--- What is being asked ---
Without the pictures, give the entries below again exactly as written.

--- Records to process ---
------
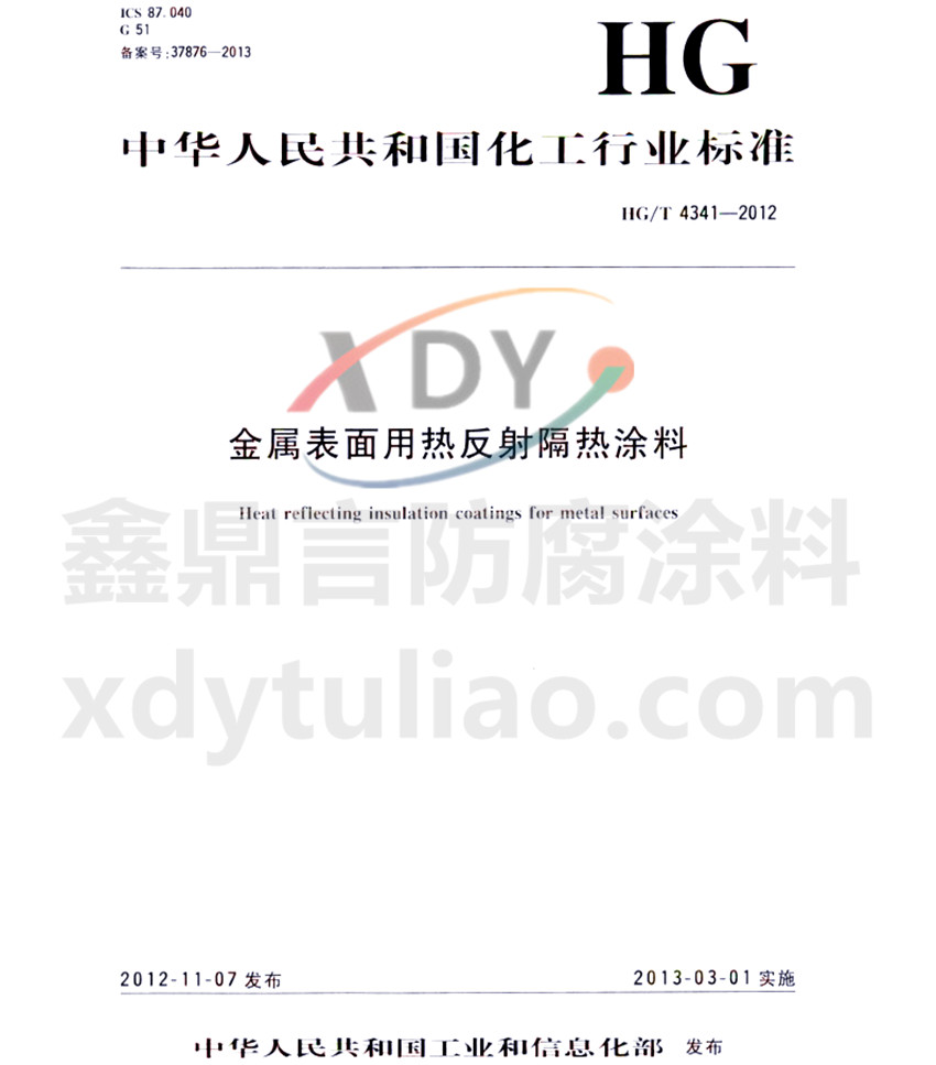 HG/T 4341-2012金屬表面用熱反射隔熱涂料標準 ICS 87.040 G51 備案號:37876-2013 HG 中華人民共和國化工行業(yè)標準 HG/T4341-2012 金屬表面用熱反射隔熱涂料heat reflection coatings for metal surfaces 2012-11-07發(fā)布 2013-03-01實施 中華人民共和國工業(yè)和信息化部發(fā)布 本標準規(guī)定了金屬表面用
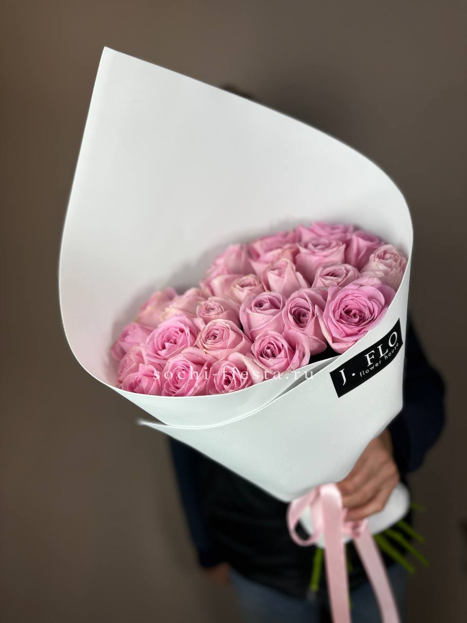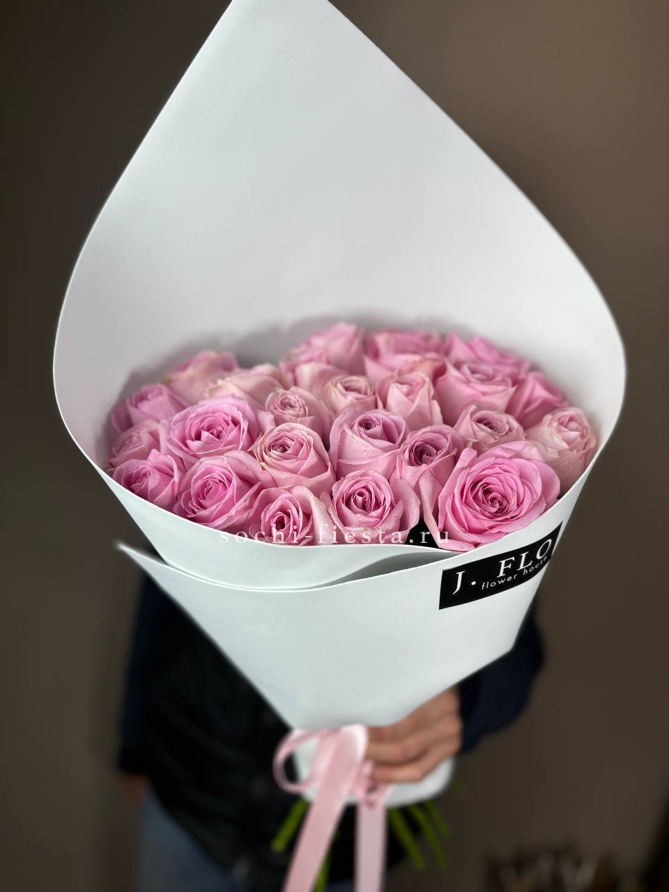 розовая роза 21шт., авторская упаковка с ушками.
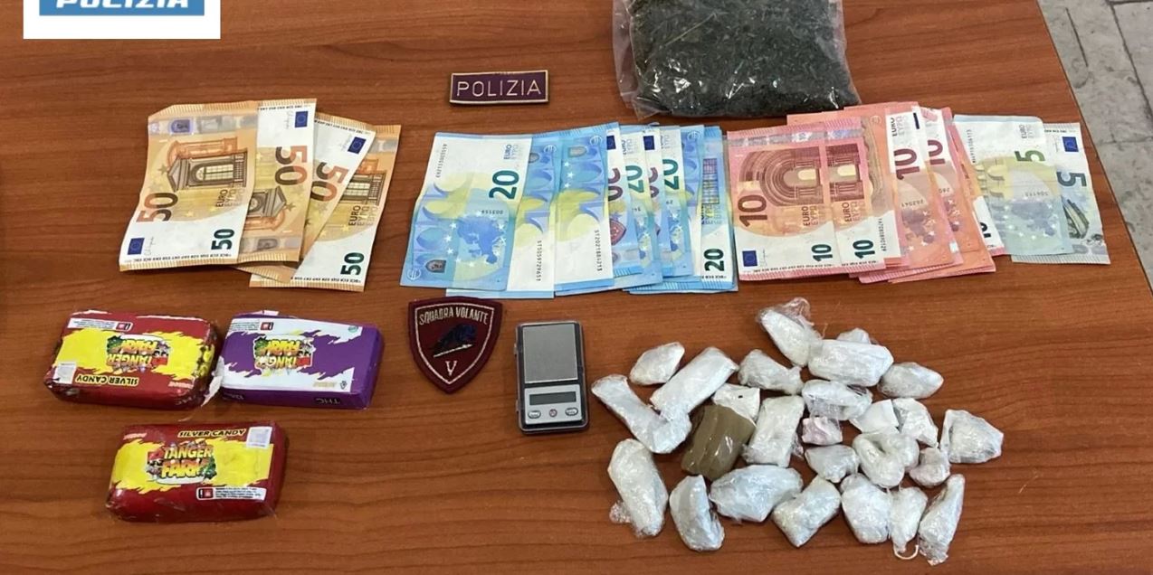 “Gli agenti della Squadra Volante di questa Questura in transito su una nota via del centro cittadino, notavano un soggetto appiedato che, alla vista della Volante, aumentava palesemente la marcia al fine di eludere il controllo. Il medesimo, raggiunto dagli operanti, veniva sottoposto a perquisizione personale che sortiva esito positivo, atteso il rinvenimento, all’interno delle tasche del giubbotto che aveva al seguito, di 3 panetti contenenti sostanza stupefacente del tipo hashish, 27 involucri, debitamente confezionati in involucri di cellophane, contenenti sostanza del tipo hashish, oltre ad un bilancino di precisione.”
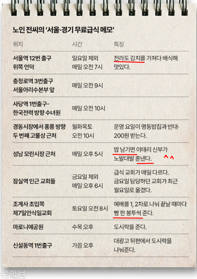 하루 시간표의 빈 부분을 다른 무료급식으로 채워버리는 노인들도 적지 않았다. 이들은 세 끼를 제외한 남는 시간에 다른 급식소 등으로 끊임없이 이동했다. 지난달 21일 오후 '명동밥집' 무료급식소에서 만난 전모(72)씨의 머릿속엔 '무료급식 데이터베이스'라도 있는 듯했다. 전씨는 "서울아리수본부 앞 매일 오전 9시"(구세군), "사당역 1번 출구에서 한국전력 방향 매일 오전 10시"(까리따스 수녀회), "경동시장에서 홍릉쪽 올라가는 길 두 번째 고물상 근처로 명동밥집(수·금·일)과 반대 요일(월·화·목·토) 오전 11시, 200원씩 받는다"(프란치스꼬의 집), "성남 모란시장 근처 오후 5시, 밥 남기면 이태리 신부가 혼낸다"(안나의 집) 등 서울·경기 지역의 주요 무료급식 위치와 운영 시간, 특징을 줄줄 읊었다.
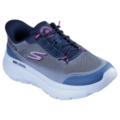 Skechers Women's Go Walk Max Cushioning Hyper Burst Nikita Sneaker, Navy Textile/Pink Trim, 3.5 UK
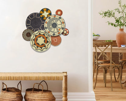 Each basket in this set is uniquely woven by skilled artisans, ensuring one-of-a-kind patterns and intricate details that add depth and character to any space. Whether you arrange them as a statement wall display, use them as tabletop decor, or incorporate them into a gallery wall, these baskets effortlessly enhance Boho, farmhouse, rustic, and modern interiors.
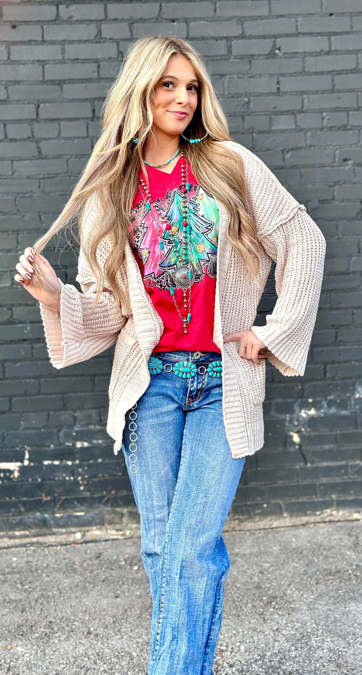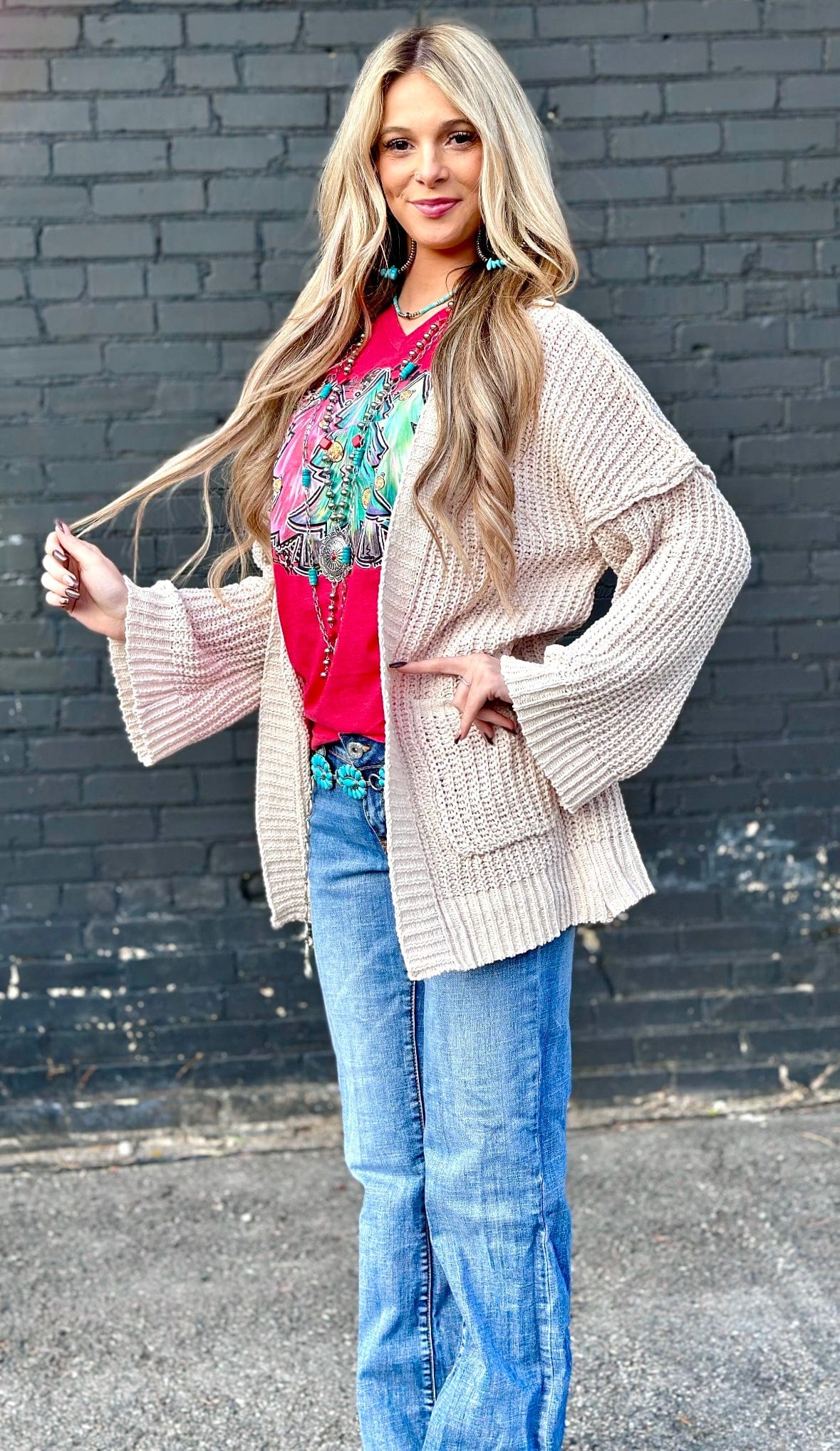 This beautiful sweater has a super flattering fit!  Extra soft with its cozy weave and will be a go to in your closet!  It’s the perfect match to our Penelope cow tee too!
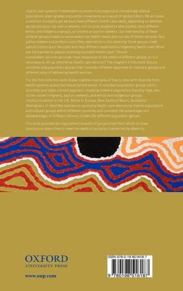Health care systems in developed countries must respond to increasingly diverse populations given greater population movements as a result of globalization. We all share a common humanity yet we each have different health care needs, depending on whether we are young or old, men or women, rich or poor, disabled or able-bodied, from different ethnic and indigenous groups, or citizens or asylum-seekers. Our membership of these societal groups shapes to some extent our health needs and our use of health services. But policy-makers and professionals often seem blind to this diversity. Some groups make special claims upon the state and have different expectations regarding health care. What are the barriers to people receiving equitable health care? Should mainstream services be made more responsive to the needs of different people, or is it necessary to set up alternative health care services? The chapters in this book discuss countries and population groups that illustrate different responses to claimant groups and different ways of delivering health services. For the first time this book brings draws together examples of how to deal with diversity from health systems across the industrialized world. It considers population groups within countries and takes a broad approach, studying inherent population diversity (age, sex), citizen issues (migrants, asylum seekers) and ethnic and indigenous groups (multiculturalism in the UK, Roma in Europe, New Zealand Maori, Australian Aborigines). It identifies barriers to accessing health care services by diverse populations and cultural groups within different countries and considers the advantages and disadvantages of different delivery models for different population groups. This book provides an unparalleled breadth of perspectives from which to draw conclusions about how to meet the needs of societies characterised by diversity.
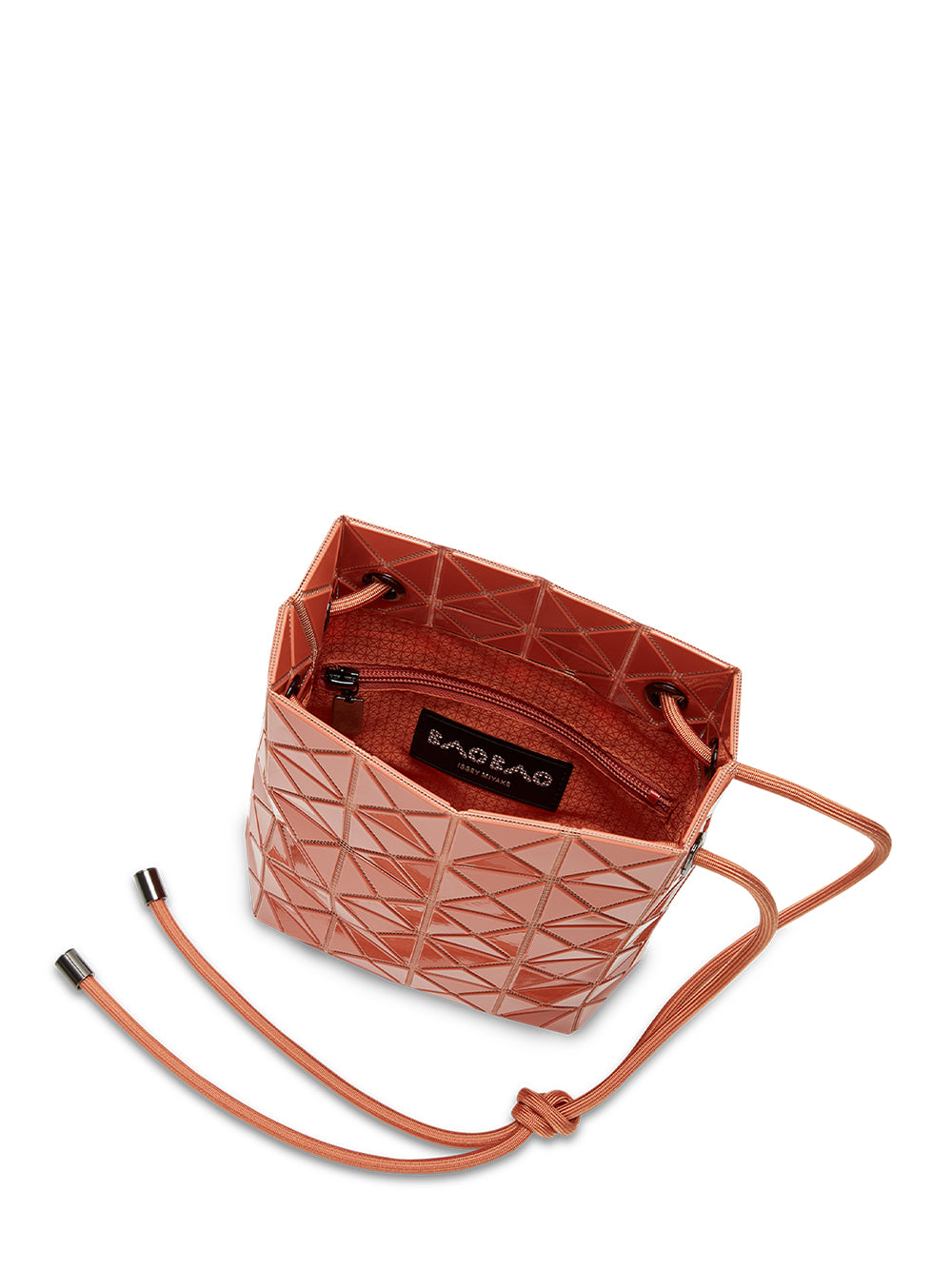 กระเป๋าสะพายไหล่จากแบรนด์ BAO BAO ISSEY MIYAKE ดีไซน์กระเป๋าบัคเก็ตทรงถัง โดดเด่นด้วยลวดลายสามเหลี่ยมที่มีมิติด้านนอก ดีเทลปากกระเป๋าเปิดพร้อมเชือกรูดเปิดปิดกระเป๋า ช่องกระเป๋าด้านใน และสายกระเป๋ายาวปรับระดับความยาวได้ สามารถสไตล์ลิ่งเป็นกระเป๋าสะพายข้างหรือกระเป๋าสะพายไหล่
------
--- Exercise result ---
 HG/T 4341-2012金屬表面用熱反射隔熱涂料標準 ICS 87.040 G51 備案號:37876-2013 HG 中華人民共和國化工行業(yè)標準 HG/T4341-2012 金屬表面用熱反射隔熱涂料heat reflection coatings for metal surfaces 2012-11-07發(fā)布 2013-03-01實施 中華人民共和國工業(yè)和信息化部發(fā)布 本標準規(guī)定了金屬表面用
 розовая роза 21шт., авторская упаковка с ушками.
 “Gli agenti della Squadra Volante di questa Questura in transito su una nota via del centro cittadino, notavano un soggetto appiedato che, alla vista della Volante, aumentava palesemente la marcia al fine di eludere il controllo. Il medesimo, raggiunto dagli operanti, veniva sottoposto a perquisizione personale che sortiva esito positivo, atteso il rinvenimento, all’interno delle tasche del giubbotto che aveva al seguito, di 3 panetti contenenti sostanza stupefacente del tipo hashish, 27 involucri, debitamente confezionati in involucri di cellophane, contenenti sostanza del tipo hashish, oltre ad un bilancino di precisione.”
 하루 시간표의 빈 부분을 다른 무료급식으로 채워버리는 노인들도 적지 않았다. 이들은 세 끼를 제외한 남는 시간에 다른 급식소 등으로 끊임없이 이동했다. 지난달 21일 오후 '명동밥집' 무료급식소에서 만난 전모(72)씨의 머릿속엔 '무료급식 데이터베이스'라도 있는 듯했다. 전씨는 "서울아리수본부 앞 매일 오전 9시"(구세군), "사당역 1번 출구에서 한국전력 방향 매일 오전 10시"(까리따스 수녀회), "경동시장에서 홍릉쪽 올라가는 길 두 번째 고물상 근처로 명동밥집(수·금·일)과 반대 요일(월·화·목·토) 오전 11시, 200원씩 받는다"(프란치스꼬의 집), "성남 모란시장 근처 오후 5시, 밥 남기면 이태리 신부가 혼낸다"(안나의 집) 등 서울·경기 지역의 주요 무료급식 위치와 운영 시간, 특징을 줄줄 읊었다.
 Skechers Women's Go Walk Max Cushioning Hyper Burst Nikita Sneaker, Navy Textile/Pink Trim, 3.5 UK
 Each basket in this set is uniquely woven by skilled artisans, ensuring one-of-a-kind patterns and intricate details that add depth and character to any space. Whether you arrange them as a statement wall display, use them as tabletop decor, or incorporate them into a gallery wall, these baskets effortlessly enhance Boho, farmhouse, rustic, and modern interiors.
 This beautiful sweater has a super flattering fit!  Extra soft with its cozy weave and will be a go to in your closet!  It’s the perfect match to our Penelope cow tee too!
Health care systems in developed countries must respond to increasingly diverse populations given greater population movements as a result of globalization. We all share a common humanity yet we each have different health care needs, depending on whether we are young or old, men or women, rich or poor, disabled or able-bodied, from different ethnic and indigenous groups, or citizens or asylum-seekers. Our membership of these societal groups shapes to some extent our health needs and our use of health services. But policy-makers and professionals often seem blind to this diversity. Some groups make special claims upon the state and have different expectations regarding health care. What are the barriers to people receiving equitable health care? Should mainstream services be made more responsive to the needs of different people, or is it necessary to set up alternative health care services? The chapters in this book discuss countries and population groups that illustrate different responses to claimant groups and different ways of delivering health services. For the first time this book brings draws together examples of how to deal with diversity from health systems across the industrialized world. It considers population groups within countries and takes a broad approach, studying inherent population diversity (age, sex), citizen issues (migrants, asylum seekers) and ethnic and indigenous groups (multiculturalism in the UK, Roma in Europe, New Zealand Maori, Australian Aborigines). It identifies barriers to accessing health care services by diverse populations and cultural groups within different countries and considers the advantages and disadvantages of different delivery models for different population groups. This book provides an unparalleled breadth of perspectives from which to draw conclusions about how to meet the needs of societies characterised by diversity.
 กระเป๋าสะพายไหล่จากแบรนด์ BAO BAO ISSEY MIYAKE ดีไซน์กระเป๋าบัคเก็ตทรงถัง โดดเด่นด้วยลวดลายสามเหลี่ยมที่มีมิติด้านนอก ดีเทลปากกระเป๋าเปิดพร้อมเชือกรูดเปิดปิดกระเป๋า ช่องกระเป๋าด้านใน และสายกระเป๋ายาวปรับระดับความยาวได้ สามารถสไตล์ลิ่งเป็นกระเป๋าสะพายข้างหรือกระเป๋าสะพายไหล่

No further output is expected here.